How Xseed Games is dealing with working in a global pandemic
It is always interesting to learn how publishers and developers are dealing with working from home during the global pandemic. I wanted to know how it affected production for Xseed Games’ releases over the months.
“We have been working from home for a little over six months now, and while I think we’ve all gotten used to it, at the same time we do miss the face-to-face collaboration that is only possible in an office environment,” says Wheeler. “The transition to working from home was stressful in the first month or so, as seemingly every company in our industry was simultaneously trying to figure out how to make their operations work remotely. We had to scramble to set up localisation QA for a title, but things settled down after a few weeks of headaches, and now it’s business as usual.”
“I’ve read stories about voiceover projects that were disrupted in some way by the transition to work from home, but we were lucky to not have any voiceover projects scheduled during those hectic first months,” he says. “We completed a remote voiceover project recently, and the studio we worked with seemed to have it down to a science. At the same time, just like with working in an office, there is something lost by not being in the same room as the actor, director, and engineer, but that’s just the reality we live in right now.”
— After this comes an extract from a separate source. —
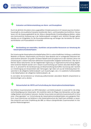 STADT ESSEN KATASTROPHENSCHUTZBEDARFSPLAN Stand: 19.04.2022 163 + Evaluation und Weiterentwicklung von Alarm - und Einsatzpl änen Durch die jährliche Simulation eines ausgewählten Schadensszenarios (z.B. Evakuierung eines Kranken- hauses ) gilt es , eine qualitative Evaluation bestehender Alarm - und Einsatzpläne durchzuführen. Hieraus lassen sich die Anpassungsbedarfe bei der Akteurs -übergreifenden Krisenbewältigung ableiten, sodass eine kontinuierliche Verbesserung in der Gefahrenabwehr ermöglicht wird. Jährliche Übungen gelten überdies als ein Erfolgsfaktor für die Personalsensibilisierung und festigen das Verständnis für Verant- wortlich keiten und Prozessabläufe im Krisenfall. + Bereitstellung von materiellen, räumlichen und personellen Ressourcen zur Umsetzung des Katastrophenschutzbedarfsplans Die Umsetzung des Katastrophenschutzbedarfsplans führt in unterschiedliche m Umfang zu zusätzlich en Bedarfe n an Räumen, Arbeitsmitteln und Personal. Diese Bedarfe sind im vorliegenden Dokument teil- weise konkret adressiert. Ein großer Teil dieser Bedarfe wird sich jedoch erst in den nächsten Jahren mit Umsetzung der in diesem Dokument definierten konze ptionellen Aufgaben konkretisieren. Über die im Rahmen dieses Dokumentes und der begleitenden Ergänzung zur Organisationsuntersuchung abgelei- teten konkreten Bedarfe werden sich in diesem Zusammenhang auch weitere sekundäre Bedarfe erge- ben (z. B. personell für die Gerätewartung und Bewirtschaftung beschaffter Ausrüstung oder räumlich zur Unterbringung von Einsatzmitteln oder Fahrzeugen). Ggf. leiten sich aus der Einbindung dieser Ein- satzmittel in die alltägliche Gefahrenabwehr auch Auswirkungen , wie z. B. zu sätzliche Funktionsstellen in den Bedarfsplänen der alltäglichen Gefahrenabwehr , ab. Es sind daher die korrelierend zu r Umsetzung auf kommenden sekundären Bedarfe entsprechend zu berücksichtigen und zu decken . + Netzwerkarbeit der KRITIS und Fortschreibung des Katastrophenschutzbedarfsplan s Die effektive Zusammenarbeit von KRITIS -Betreibern und Gefahrenabwehr ist essenziell für die erfolg- reiche Bewältigung einer Katastrophe. Wir empfehlen daher die Pflege eines Netzwerkes und das regel- mäßige Beüben verschiedener Szenarien. Darüber hinaus bietet eine jährliche Zusammenkunft im Sinne eines „Planungsstabes“ zur Fortschreibung des Katastrophenschutzbedarfsplans eine geeignete Platt- form, neue Erkenntnisse und Gefahren in den Ka tastrophenschutz der Stadt Essen einfließen zu lassen. Dies entspricht auch einer Empfehlung des BBK zur Akteurs -übergreifenden Zusammenarbeit im Inte- grierten Risikomanagement .

Xseed Games Co-Founder Ken Berry is now the President of the company. Having worked on so many titles across the publisher’s colourful history, I wanted to know which his favourite project has been so far.
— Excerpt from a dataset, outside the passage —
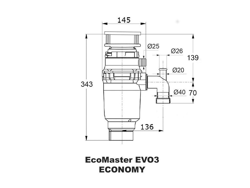 Drtič kuchyňského odpadu (potravinovych zbytku – zbytku jidla) EcoMaster Economy je základní model, určen pro menší domácnosti o 2–3 osobách. Dále vhodný pro místa, kde je nestandardní, případně omezený prostor pro montáž. Všechny drticí komponenty jsou z kvalitní nerezové oceli. Odhlučnění je provedeno překrytím motoru.

“I would have to say I most enjoyed working on Brave Story: New Traveler for the PSP,” Berry says. “It was one of the first titles we published so I was still overseeing the localisation, but I also wasn’t killing myself trying to meet a hard deadline editing everything by myself like Shadow Hearts: From the New World since I had hired famed localisation house 8-4 (who was also still relatively new at that time) to assist us.”
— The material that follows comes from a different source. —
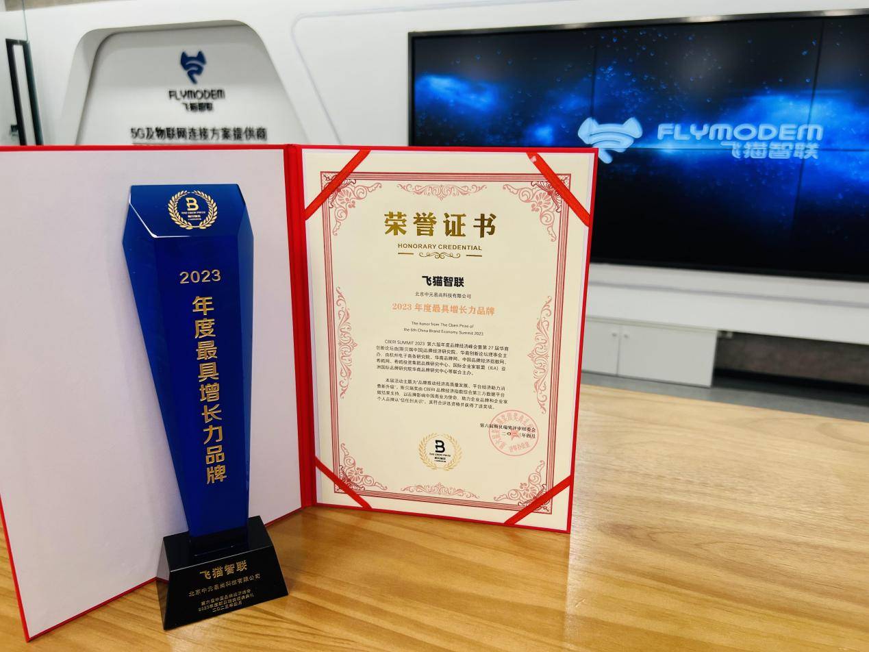 下午浙江电视台主持人宣布本次的获奖榜单,此次评选中,飞猫智联,荣获 2023年度最具增长力品牌奖项。

He goes on to discuss his involvement over the years and what he enjoyed the most so far.
“I’ve been involved in almost every aspect of publishing such as sales, operations, marketing, PR, and QA, but I’ve always found localisation to be the most enjoyable since you have a direct impact on how the game will be experienced by people in a different culture from where it was developed.” he says.
For many Japanese publishers and developers, the only way their physical games make it into India is through import stores and many fans having to go digital to ensure being able to play games on launch day. Xseed Games’ localisations of Trails of Cold Steel and Corpse Party releases have made it here through parallel imports. I wanted to know what Ken Berry had to say for the Indian market and the company’s fans here. The regional pricing definitely helps people here on Steam buy more of Xseed Games’ releases.
“To be honest, I am not very knowledgeable about the market in India, but that is very nice to hear that we have fans of our games and localisation work,” he says. “I think the recent release Raji: An Ancient Epic, which is a game developed by a team based in India, looks very compelling and have been tempted to pick it up, so hopefully it will help bring more attention to the country as a hotbed of indie development in addition to a growing consumer market.”